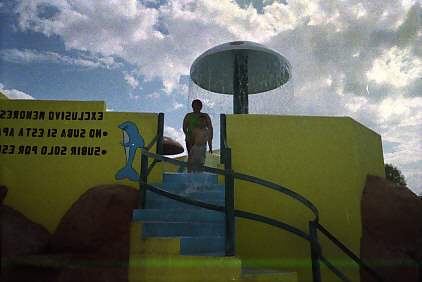 Fotografía que captura a Héctor Rodríguez de niño debajo de un hongo tirando agua
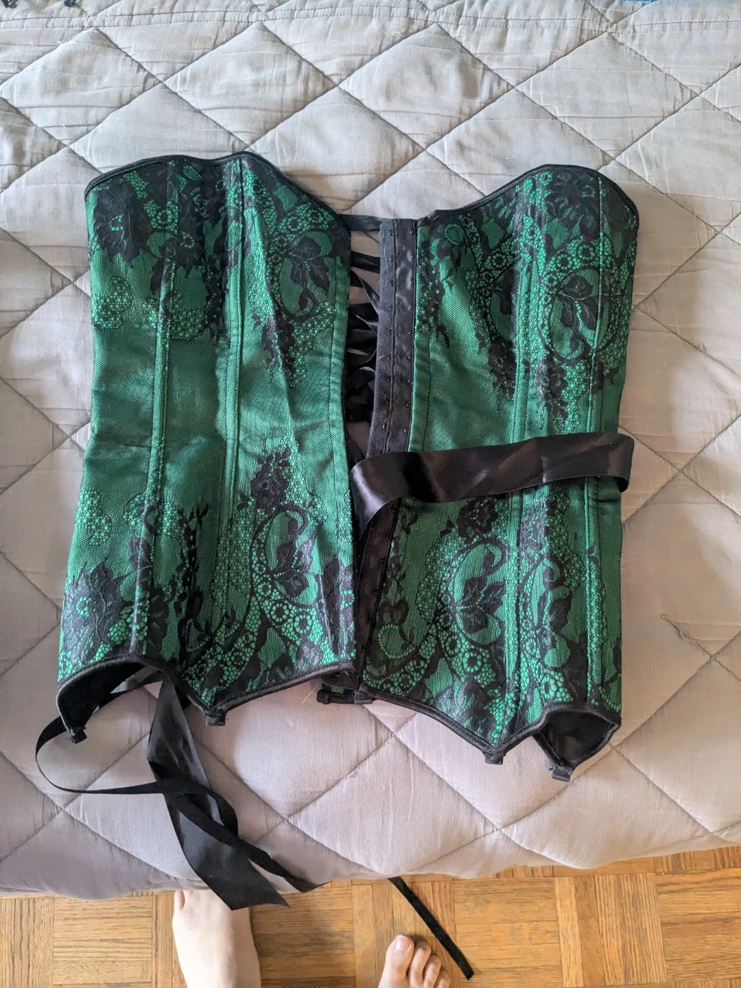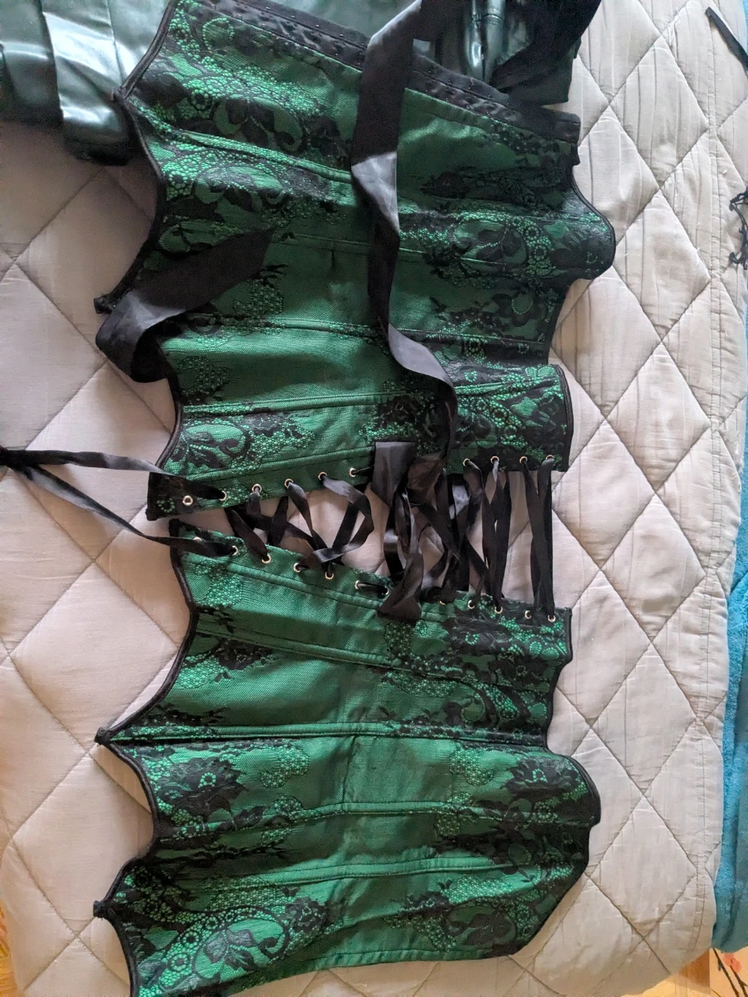10Selling a Coquette corset in a beautiful green and black colour scheme! It's a size large and features lovely lace detailing. Perfect for adding a touch of elegance to any outfit! Worn twice, for costume live art modelling.
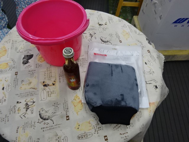 先ずは、汚れ落とし その後100倍に薄めたスパシャンを専用パットで洗車するだけ

# Task
Return the material in full and unaltered, minus its pictures.

# Solution to this task
 Fotografía que captura a Héctor Rodríguez de niño debajo de un hongo tirando agua
10Selling a Coquette corset in a beautiful green and black colour scheme! It's a size large and features lovely lace detailing. Perfect for adding a touch of elegance to any outfit! Worn twice, for costume live art modelling.
 先ずは、汚れ落とし その後100倍に薄めたスパシャンを専用パットで洗車するだけ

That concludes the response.